> TASK ITEM:
Retype, exactly as they stand, the lines from the start of the data to the line that contains "Просматривайте подключенные тарифы", both ends included. Leave the pictures out.

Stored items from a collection
■ ■ ■ ■ ■

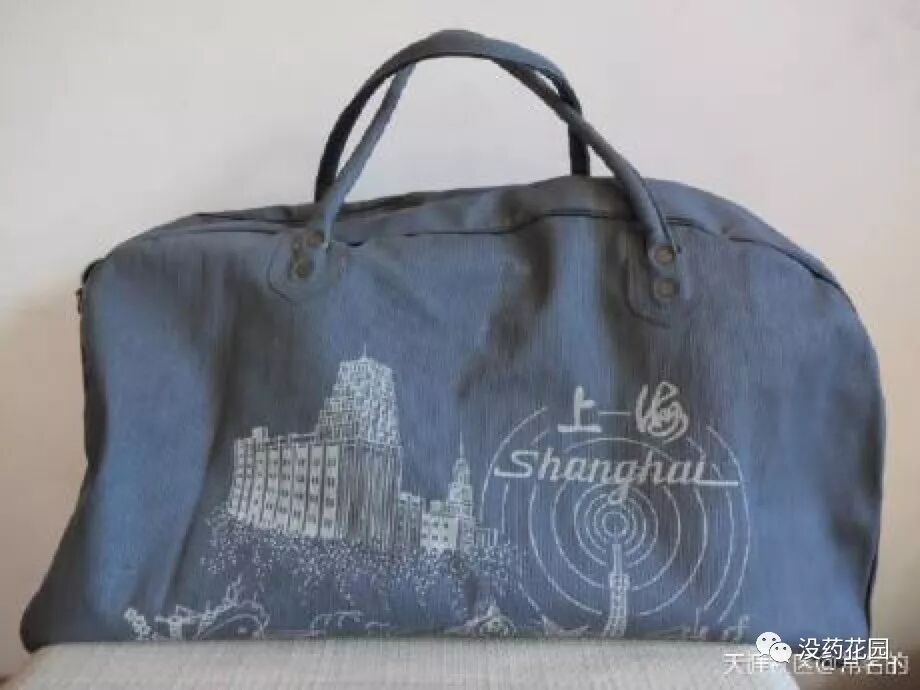 我查了下,它们大约是从文革期间一直到80年代中期流行的物品,有些上面还有北京、天津、哈尔滨等字,都是旅行热门地。通常人们在旅行时购买,有点“到此一游”的意思,回家拿来当旅行包,也可以炫耀下去哪儿旅行过。到了1996年,这种包就显得就很老土,应当已停售。
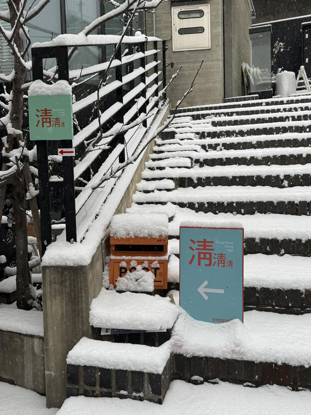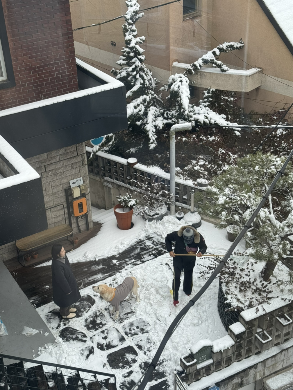강원도 평창 오대산 깊은 산장처럼 눈이 내리는 소리와 사람들의 숨소리만 들리는 서울 도심 속 작은 안식처에서 오늘은 눈은 바로바로 쓸어야 한다며 같이 빗자루와 쓰레받기를 들고 청청청으로 올라오는 길을 함께 정리해 주시는 삼청동에서 멀지 않지만 가깝지도 않은 평창동에서 오신 천사 유리님과 함께 하늘에서 내리는 예쁜 쓰레기를 치우며 역시 눈은 보기만 할 때 예쁘다는 것을 알아차리며 아침 11시 하타 요가 수업을 준비합니다.
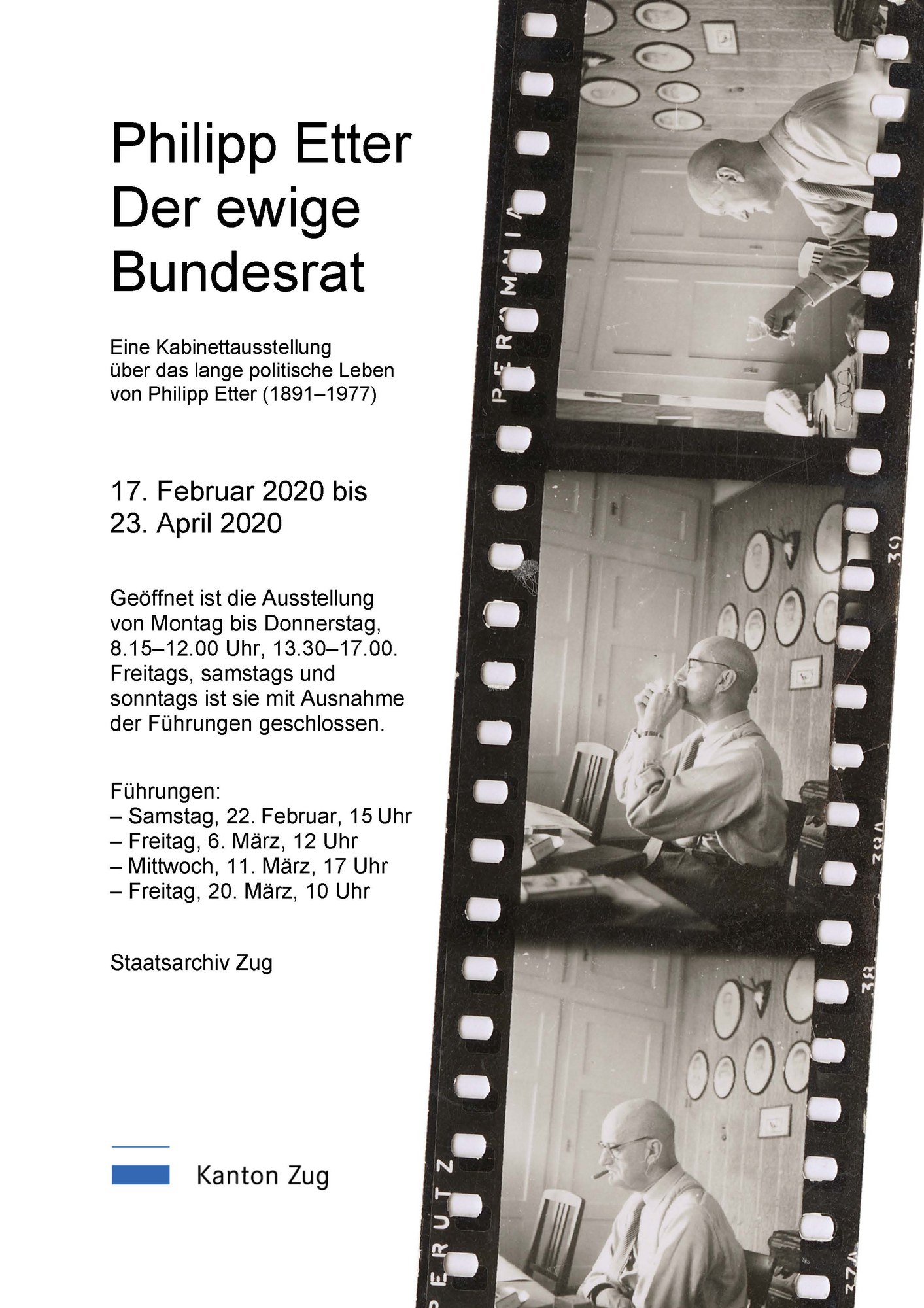 Ausstellung im Staatsarchiv Zug über den ersten Zuger Bundesrat Philipp Etter
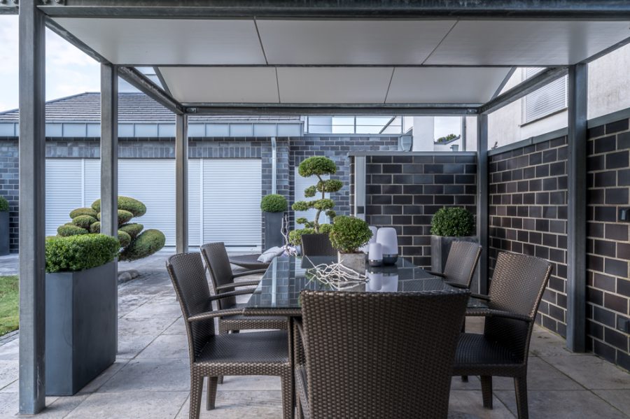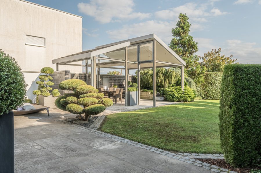 Das Haus und die Garage verfügen über eine interessante Pultdachkonstruktion, welche sich ebenfalls an dem überdachten Freisitz im Garten widerspiegelt.
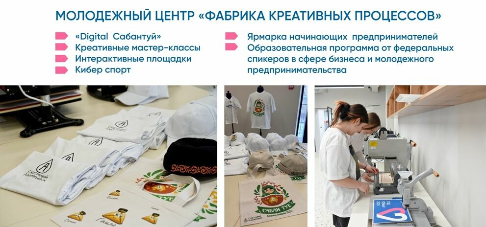 Так, на площади Молодежного центра «Фабрика креативных процессов» пройдет «Digital Сабантуй» в тематике цифрового искусства и молодежного предпринимательства.
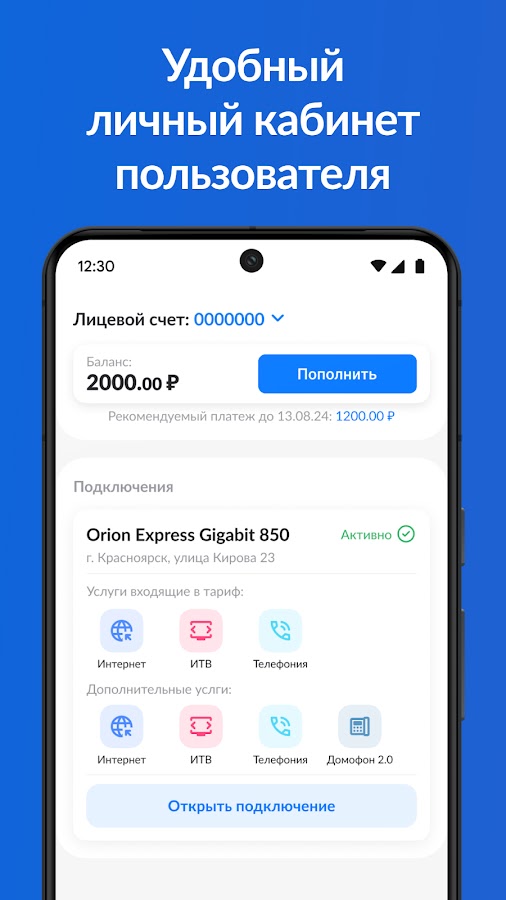Просматривайте подключенные тарифы и услуги, следите за балансом, получайте уведомления и пользуйтесь удобными способами пополнения в нашем приложении личного кабинета.
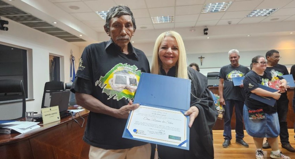 A magistrada entregou o certificado à primeira homenageada. “Já me sinto com quase 100 anos, mexendo com os alunos, sonho com eles, já aprovei cerca de 200 alunos, desde o início do projeto. Acho lindo, por isso eu gosto de dar aula mais para eles (adultos e idosos) do que para os pequenos. Quero parabenizar a senhora (desembargadora) pelo projeto, porque os alunos sabendo ler e escrever eles se tornam cidadãos. Estou muito feliz em estar aqui, obrigada”, disse a primeira homenageada que é mãe do ex-juiz-membro do TRE/MT, Eustáquio Noronha Neto, ex-diretor da Escola Judiciária Eleitoral de Mato Grosso (EJE-MT).
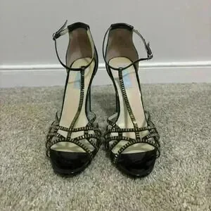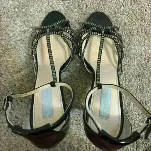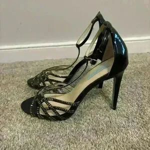 Blue by Betsey Johnson SB Rosin Black Embellished Sandal Heels Size 9

■ ■ ■ ■ ■

> TASK ANSWER:
 我查了下,它们大约是从文革期间一直到80年代中期流行的物品,有些上面还有北京、天津、哈尔滨等字,都是旅行热门地。通常人们在旅行时购买,有点“到此一游”的意思,回家拿来当旅行包,也可以炫耀下去哪儿旅行过。到了1996年,这种包就显得就很老土,应当已停售。
강원도 평창 오대산 깊은 산장처럼 눈이 내리는 소리와 사람들의 숨소리만 들리는 서울 도심 속 작은 안식처에서 오늘은 눈은 바로바로 쓸어야 한다며 같이 빗자루와 쓰레받기를 들고 청청청으로 올라오는 길을 함께 정리해 주시는 삼청동에서 멀지 않지만 가깝지도 않은 평창동에서 오신 천사 유리님과 함께 하늘에서 내리는 예쁜 쓰레기를 치우며 역시 눈은 보기만 할 때 예쁘다는 것을 알아차리며 아침 11시 하타 요가 수업을 준비합니다.
 Ausstellung im Staatsarchiv Zug über den ersten Zuger Bundesrat Philipp Etter
 Das Haus und die Garage verfügen über eine interessante Pultdachkonstruktion, welche sich ebenfalls an dem überdachten Freisitz im Garten widerspiegelt.
 Так, на площади Молодежного центра «Фабрика креативных процессов» пройдет «Digital Сабантуй» в тематике цифрового искусства и молодежного предпринимательства.
Просматривайте подключенные тарифы и услуги, следите за балансом, получайте уведомления и пользуйтесь удобными способами пополнения в нашем приложении личного кабинета.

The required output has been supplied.